Bugzilla – Bug 340459
fglrx Driver Locks System
Last modified: 2008-06-19 20:53:16 UTC
Ok Stefan, here goes: system: Toshiba P35-S629, P4 3.33Ghz, 1G RAM (64 Meg shared video) video card: ATI MOBILITY RADEON 9600/9700 Series kernel: 2.6.22.12-0.1-default Xorg 7.3: Yast install, download.opensuse.org/repositories/xorg73/openSUSE_10.3 Related Bugs: 338930; 338947 The fglrx driver will run and drive the display beautifully the first time. Any subsequent attempt to load the graphic system hardlocks the system. With xorg 7.2, kdm login was possible, but logout would hardlock the system prior to return to the kdm login screen. Compiz would run with fusion-icon. With xorg 7.3, kdm login is not possible, the screen freezes before the login screen is reached. Booting to runlevel 3 and then issuing 'startx' will start kde and kde will run in a stable manner. Compiz will not run on xorg 7.3. Exiting kde to runlevel 3 yields the following error: QApplication::postEvent: Unexpected null receiver startkde: Shutting down... warning: leaving MCOP Dispatcher and still 9 object references alive. - Arts::SampleStorage - Arts::Synth_MULTI_ADD - Arts::Synth_MULTI_ADD - Arts::Synth_PLAY - Arts::StereoVolumeControl - Arts::StereoEffectStack - Arts::Synth_BUS_DOWNLINK - Arts::SoundServerV2 - Arts::MidiManager warning: leaving MCOP Dispatcher and still 75 types alive. sound server terminated klauncher: Exiting on signal 1 startkde: Running shutdown scripts... startkde: Done. waiting for X server to shut down Synaptics DeviceOff called (EE) fglrx(0): [drm] failed to remove DRM signal handler 21:48 Rankin-P35a~/linux> The fglrx driver gives good frame rates. 150% of that given by the stock radeon driver: 21:45 Rankin-P35a~> glxgears 13317 frames in 5.0 seconds = 2663.297 FPS 21:45 Rankin-P35a~> fgl_glxgears Using GLX_SGIX_pbuffer 2623 frames in 5.0 seconds = 524.600 FPS That is a fair summary of the symptoms and scenarios involved. Bugs: 338930; 338947 contain additional detail about the libraries involved and problems with /usr/lib/libIndirectGL.so.1.2, /usr/lib/libGL.so.1.2 and /usr/X11R6/lib/libGL.so.1.2. I'm attaching the Xorg.0.log and xorg.conf under a separate post. Take a look and let me know what you want me to send and test. I'm more than ready to help you get to the bottom of this one too. Also, if it becomes necessary, I'll be glad to provide you direct access to this box via remote X or ssh, your call. Thanks for your hard work.
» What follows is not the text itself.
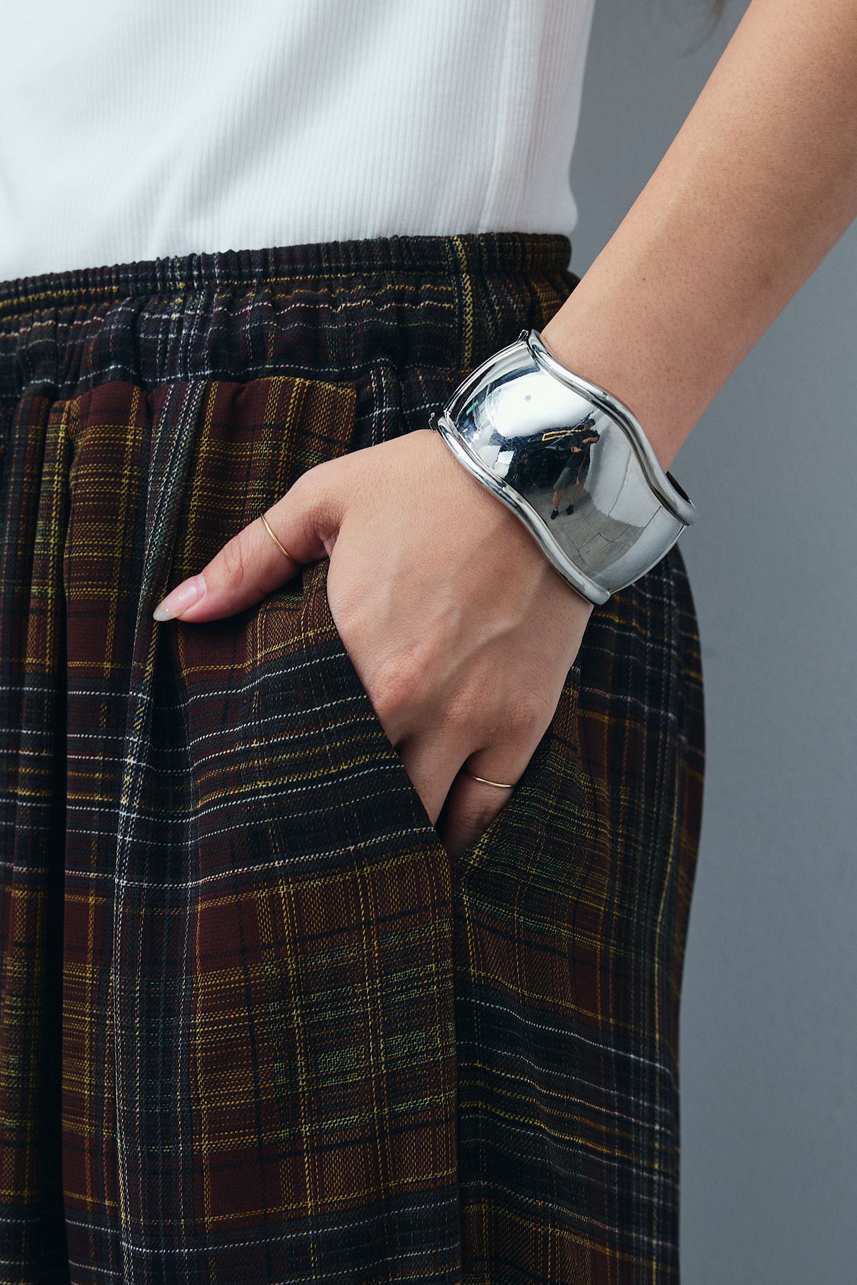 軽やかな透け感が魅力のシアーチェック素材を使用したスーパーワイドパンツ。歩くたびにふわりと揺れるシルエットが、涼しげで抜け感のあるスタイリングを演出。ギャザーウエストでリラックス感がありながらも、縦ラインを強調するプリーツ風のデザインでスッキリとした印象に。シンプルなトップスと合わせるだけで存在感のある着こなしが完成します。夏のデイリースタイルにぴったりな一本です。

Created attachment 182740 [details] xorg.conf for fglrx driver
Created attachment 182741 [details] Xorg.0.log for fglrx driver
The symptoms are exactly the same regardless of whether the fglrx driver used is from the Yast install of the www2.ati.com drivers: 22:07 Rankin-P35a~/linux> rpm -qa | grep fglrx ati-fglrxG01-kmp-default-8.42.3_2.6.22.9_0.4-1.1 x11-video-fglrxG01-8.42.3-2.1 or the driver built with: sh ati-driver-installer-8.42.3-x86.x86_64.run --buildpkg SuSE/SUSE103-IA32 --- Additionally, ATI Control Center does not work with either the radeon or fglrx driver.
Here is an additional tidbit. While trying to start compiz from the command line, I get the following error: # compiz --replace --sm-disable --ignore-desktop-hints ccp --indirect-rendering --no-libgl-fallback compiz (core) - Fatal: GLX_EXT_texture_from_pixmap is missing compiz (core) - Error: Failed to manage screen: 0 compiz (core) - Fatal: No manageable screens found on display :0.0 Evidently this is a libGL issues. Just thought I would pass it along.
This is what happens when you specify --no-libgl-fallback. Background: Bug #234154.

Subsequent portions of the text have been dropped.